Wayne Weiten
Wayne Weiten has taught at the College of DuPage, Santa Clara University and the University of Nevada, Las Vegas. He has received distinguished teaching awards from Division 2 of the American Psychological Association and the College of DuPage. A fellow of the American Psychological Association and the Midwestern Psychological Association, he helped chair the APA National Conference on Enhancing the Quality of Undergraduate Education in Psychology in 1991. Dr. Weiten also is a former president of the Society for the Teaching of Psychology and the Rocky Mountain Psychological Association. In 2006, one of the six national teaching awards given annually by the Society for the Teaching of Psychology was named in his honor. Dr. Weiten has conducted research on a wide range of topics, including educational measurement, jury decision-making, attribution theory, pressure as a form of stress and the technology of textbooks.

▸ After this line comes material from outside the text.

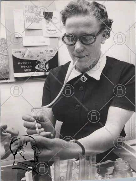 kvinna, glasögon, rör, medicin, spruta, svartvitt, sjukvård, vårdpersonal, händer, patient, kontor, 1960-tal, forskning, hälsa, medicinsk utrustning, professionell, arbete, klinik, behandling, medicinsk hjälp, rökning, information, affisch, utbildning, rådgivning, socialt arbete, medicinsk praktik, vårdmiljö, traditionell
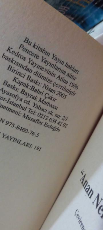 Anan Nerede Ulan, Dimitra Sotiri Petrula tarafından kaleme alınmıştır. Eser Kapak: Bahri Çakır editörlüğünde hazırlanmıştır. Kitap 2005 yılında Pencere Yayınları tarafından [İstanbul] yayınlanmıştır. Bu baskının çevirisi Panoyat Abacı (Yunancadan) tarafından yapılmıştır. Anan Nerede Ulan adlı eser Türkçe dilindedir.

A graduate of Bradley University, he received his Ph.D. in social psychology from the University of Illinois, Chicago in 1981.
Doug McCann
Doug McCann received his B.A. from the University of Waterloo and his M.A. and Ph.D. from the University of Western Ontario. Following completion of his Ph.D., he did a post-doctoral fellowship at Ohio State University. He has been a member of the Psychology Department at York University since 1983. At York he has taught at the graduate level in the Clinical, Developmental, and Social/Personality programs and at the undergraduate level his current teaching interests focus on Introductory Psychology, Social Psychology, and the Psychology of Depression. He has won a variety of teaching awards while at York University and has served in several administrative positions at York University, most recently as Director of the Graduate Program in Psychology at York University. His research interests focus on social cognition, the self, and information processing models of depression.